# Axle at the doggie park!



## Jesarie (Sep 9, 2010)

Sorry there are so many but I am so camera happy when I take him to the park! My husband and I have a blast with him and its so awesome cuz he comes home and gets a bath then goes to sleep. lol









Axle and his new friend Teddy! 









Axle and Zoey! She is Teddys sister.









Axle was running sooo fast! It was soooo cute, he was running so hard and so fast that when he passed you you could hear him breathing. lol









Taking a break.









Just hanging in the sun. It was so hot! But there was a great breeze.

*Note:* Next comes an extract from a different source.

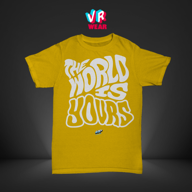 Elevate your wardrobe and inspire yourself with the VR Battles "The World is Yours" T-Shirt.

lol! He drank water then face planted into the dirt! Was hilarious!









My cutie!









Sitting for Daddy!









He loves to play fetch for treats!









On the car ride home so happy!









And dirty! Look at his little paws! Dirty baby!

I hope you all enjoyed!


----------



## kendal (Jul 16, 2009)

aww love the photos. love seeing him off lead, hos recall looks fab.


----------



## wilfiboy (Sep 18, 2010)

looks to be having a great time .... I think i remember sunshine lol x


----------



## Jesarie (Sep 9, 2010)

He loves being off the leash as well and to my suprise he is wonderful off it. He does not go far and comes when I call him. Sometimes it will be the 3rd time I call him but he is getting much better. My husband and I take him to the Dog Park every other day and Axle just adores it there!


----------



## CutieCocoaCockapoo (Jan 1, 2010)

That's really great! I love all of the photos!! & It looks like he has a blast at the doggie park!!  lol


----------



## Jesarie (Sep 9, 2010)

Not only does HE have a blast but he is a little popular boy! Everyone loves him! lol


----------



## Dave (May 25, 2009)

He looks like he had a great time! I can see why everyone loves him.


----------



## Jesarie (Sep 9, 2010)

Off to the doggie park in the morning!

And yes Dave, he has an amazing time! lol


----------